Loading data: Downloading from site (take a long time: mine took 50min :()

%%time
!imdb-sqlite

Wall time: 31min 18s


2021-11-26 10:41:30,329 GET https://datasets.imdbws.com/name.basics.tsv.gz -> downloads\name.basics.tsv.gz
2021-11-26 10:42:09,495 GET https://datasets.imdbws.com/title.basics.tsv.gz -> downloads\title.basics.tsv.gz
2021-11-26 10:42:35,228 GET https://datasets.imdbws.com/title.akas.tsv.gz -> downloads\title.akas.tsv.gz
2021-11-26 10:43:19,439 GET https://datasets.imdbws.com/title.principals.tsv.gz -> downloads\title.principals.tsv.gz
2021-11-26 10:44:26,200 GET https://datasets.imdbws.com/title.episode.tsv.gz -> downloads\title.episode.tsv.gz
2021-11-26 10:44:32,314 GET https://datasets.imdbws.com/title.ratings.tsv.gz -> downloads\title.ratings.tsv.gz
2021-11-26 10:44:33,488 Populating database: imdb.db
2021-11-26 10:44:33,489 Applying schema
2021-11-26 10:44:33,500 Importing file: downloads\name.basics.tsv.gz
2021-11-26 10:44:33,500 Reading number of rows ...
2021-11-26 10:44:39,672 Inserting rows into table: people
...

#Conecting to the DB
conn = sqlite3.connect("imdb.db")

#Extract the table list
tables = pd.read_sql_query("SELECT NAME AS 'Table_Name' FROM sqlite_master WHERE type = 'table'",conn)

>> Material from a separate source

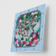 Flower Garden and Hummingbirds Blue Square Wall Clock
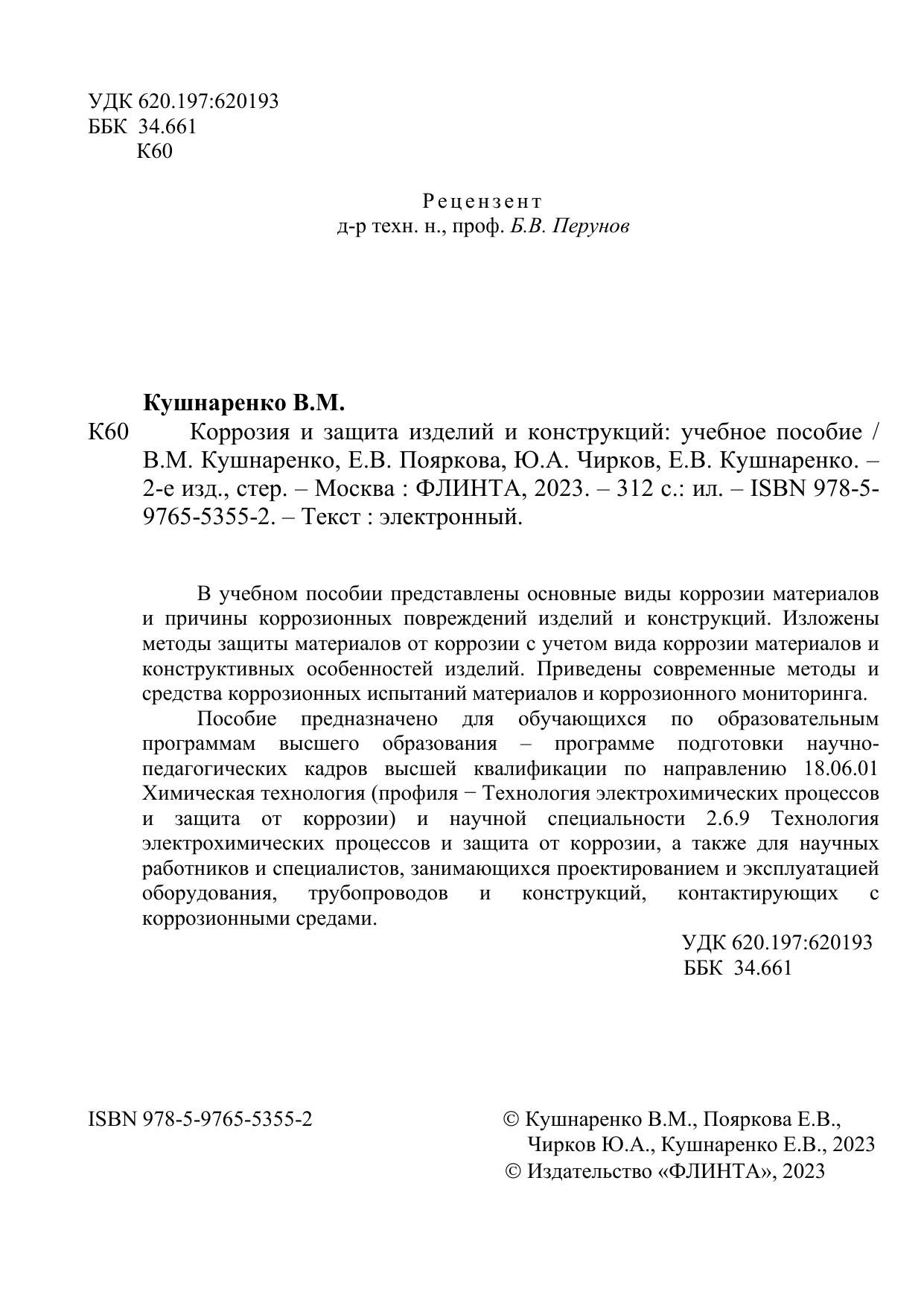 Пособие предназначено для обучающихся по образовательным программам высшего образования – программе подготовки научно-педагогических кадров высшей квалификации по направлению 18.06.01 Химическая технология (профиля − Технология электрохимических процессов и защита от коррозии) и научной специальности 2.6.9 Технология электрохимических процессов и защита от коррозии, а также для научных работников и специалистов, занимающихся проектированием и эксплуатацией оборудования, трубопроводов и конструкций, контактирующих с коррозионными средами.

# The upper words are SQL syntax and the lower are the ones we are searching on the DB

# We make a query
# select name as = alias created
# from sqlite master catalog
# table type filtered

type(tables)

pandas.core.frame.DataFrame

tables.head()

Table_Name
0	people
1	titles
2	akas
3	crew
4	episodes

# Convert df into list
tables = tables["Table_Name"].values.tolist()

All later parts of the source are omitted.